Imagine your rosacea-stricken skin as a dry, parched desert. Light therapy provides the rain needed to initiate healing and regeneration. Within your skin, this healing takes place in the form of collagen and elastin production, improved circulation, and tissue repair.
Blue light and red light are both valuable forms of light therapy that offer unique benefits to damaged skin.
Blue light has powerful antibacterial properties and also reduces oil production in the skin. It’s been found to reduce sensitivity and help the skin become more resilient. Blue light therapy works best at 450 nm or above, since anything less may contain ultraviolet A (UVA) rays that harm and irritate the skin.
Red light, meanwhile, offers a wide range of benefits and is even a medically recognized treatment for rosacea. It penetrates the skin to a depth of ⅜ of an inch, where it is quickly absorbed by cells craving light energy as their fuel.

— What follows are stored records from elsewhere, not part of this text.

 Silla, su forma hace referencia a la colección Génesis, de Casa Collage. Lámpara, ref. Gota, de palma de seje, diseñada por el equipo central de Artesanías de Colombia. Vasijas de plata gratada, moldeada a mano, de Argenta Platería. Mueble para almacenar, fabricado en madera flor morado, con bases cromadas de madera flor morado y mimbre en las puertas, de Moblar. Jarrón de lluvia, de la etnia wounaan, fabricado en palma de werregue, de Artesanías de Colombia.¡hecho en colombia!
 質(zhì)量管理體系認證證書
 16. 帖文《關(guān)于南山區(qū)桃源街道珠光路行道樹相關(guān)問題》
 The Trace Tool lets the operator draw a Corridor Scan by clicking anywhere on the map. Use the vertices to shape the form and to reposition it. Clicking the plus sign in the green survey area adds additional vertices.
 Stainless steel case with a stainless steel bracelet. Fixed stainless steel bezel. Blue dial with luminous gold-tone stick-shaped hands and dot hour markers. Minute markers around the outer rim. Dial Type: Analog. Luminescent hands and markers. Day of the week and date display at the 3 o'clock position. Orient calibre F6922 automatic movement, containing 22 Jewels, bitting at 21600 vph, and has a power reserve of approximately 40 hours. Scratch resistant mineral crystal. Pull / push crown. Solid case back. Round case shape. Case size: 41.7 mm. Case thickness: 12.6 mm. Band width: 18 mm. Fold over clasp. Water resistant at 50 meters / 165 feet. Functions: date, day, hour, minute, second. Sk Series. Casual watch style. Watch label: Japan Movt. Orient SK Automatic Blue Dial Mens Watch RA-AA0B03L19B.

Research shows that red light can deliver the following benefits when used to battle rosacea:
- Reduce skin redness
- Improve wound healing
- Rejuvenate tone and appearance of skin
- Promote collagen production
- Decrease inflammation
- Reduce burning sensation on skin
The Best Light Therapy Products for Rosacea
If you don’t want to spend the time or money to be receive light therapy at a spa or medical facility, you can provide yourself with light therapy in the comfort of your own home. LED facemasks are the newest trend in skincare, allowing you to turn a luxury treatment into a regular part of your at-home routine.
LED facemasks range in price from around $75 to over $500, depending on the brand, quality and features. But they all work using the same underlying method: LED facemasks shine red and blue light onto your face to nourish damaged skin as you sleep, work or watch Netflix.

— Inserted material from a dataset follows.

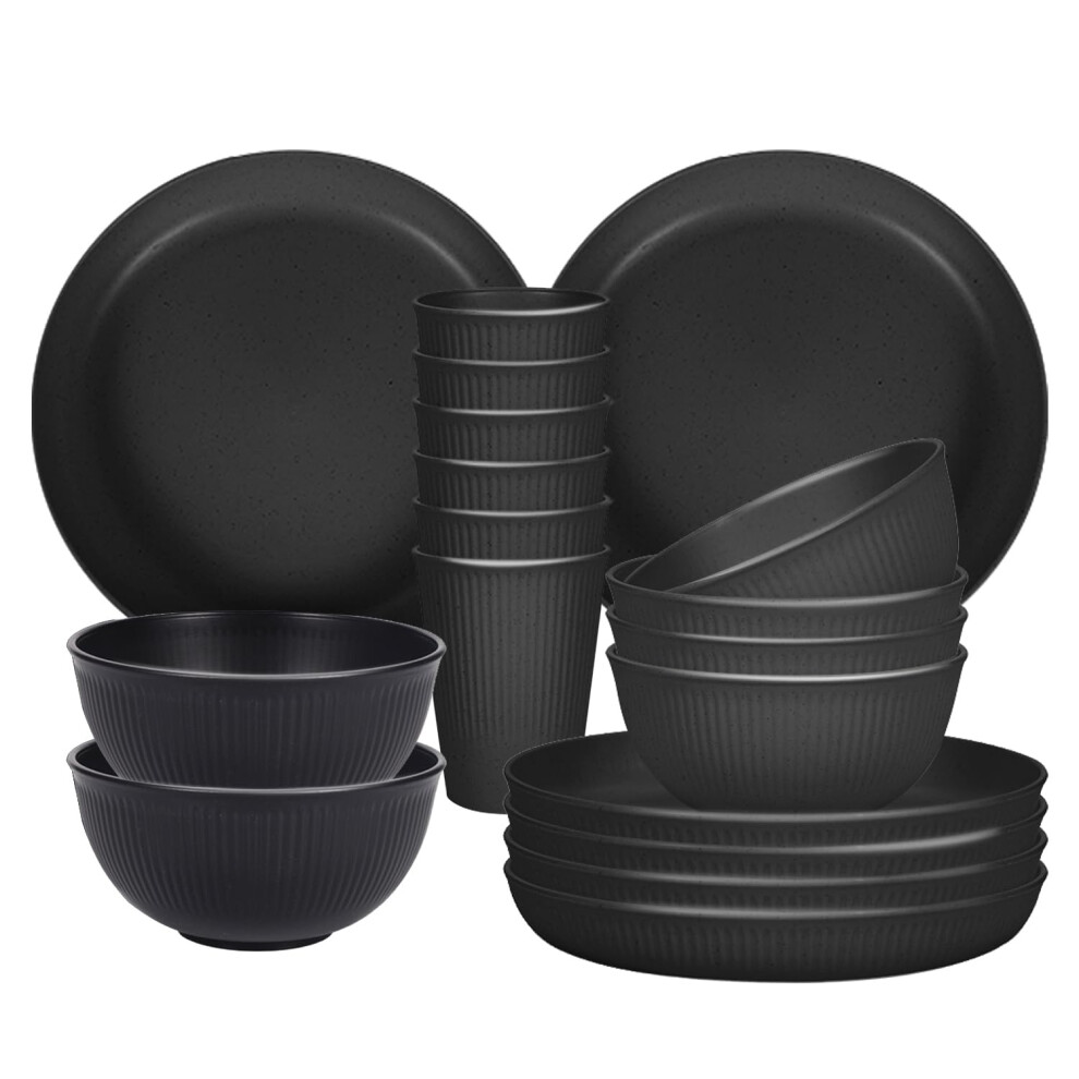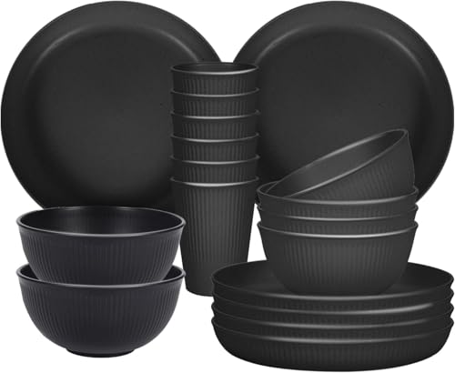 Camping Plates, Unbreakable Dinner Sets for 6, 18 Pcs Plastic Picnic Set for Party, Home & Picnic, Lightweight Microwave & Dishwasher Safe Camping Cutlery for Kids and Elderly (Black)

Rosacea Treatments That Can Supplement Light Therapy
Although there’s no permanent cure for this condition, you can maximize your rosacea management by supplementing light therapy with these other common treatments.

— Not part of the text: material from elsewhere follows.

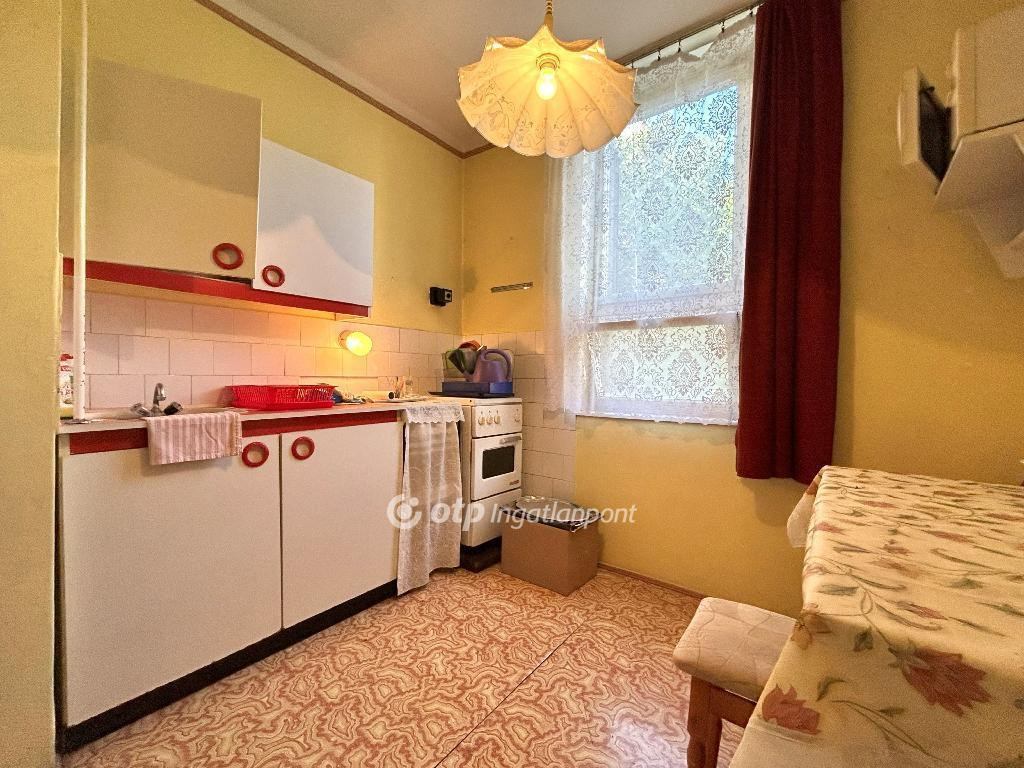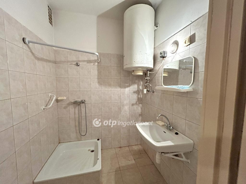 A lakás belső tere felújítást igényel, ugyanakkor a fürdőszoba már korszerűsítve lett: új csempeburkolattal és zuhanytálcás kialakítással rendelkezik. A WC külön helyiségben található. Az előszobában egy beépített szekrény biztosít praktikus tárolási lehetőséget, amely ugyan a régebbi évek stílusát idézi, de jól használható. Az ablakok a kertre néznek, így az ingatlan nem utcafrontra nyílik, ami kellemesen csendes környezetet biztosít.

Dozens of skincare products are designed specifically to alleviate symptoms of rosacea and soothe inflamed skin. Some products deliver better results than others, so be sure to read ingredients labels and do your own research before you buy.
Avoid products that include any of the following ingredients:
- Lactic acid
- Glycolic acid
- Sodium laurel sulfate
These ingredients are known to irritate the skin, which is the exact opposite of what a rosacea skin cream should do! Test new products on a small area of your skin before using them more widely. Wait 72 hours to assess the true effects of a new skin product to make sure it doesn’t cause burning, stinging, dryness or new outbreaks.
In many cases, lifestyle changes can help you avoid rosacea triggers to keep your skin clear and healthy. Apply daily sunscreen, treat your skin gently, and identify your triggers in order to stop rosacea complications before they begin.
In severe cases, your doctor may prescribe an oral or topical drug to control your rosacea.
Azelaic acid and metronidazole are two common topical options. Applied twice a day, azelaic acid reduces redness and acne-like outbreaks, while metronidazole minimizes flare-ups and other symptoms. Be sure to discuss the benefits and drawbacks of a prescription regimen with your doctor, since these medications do carry side effects like itching, dryness and skin lightening.
Work with your dermatologist to find the best way to combine soothing light therapy and other treatments for the greatest relief from your rosacea.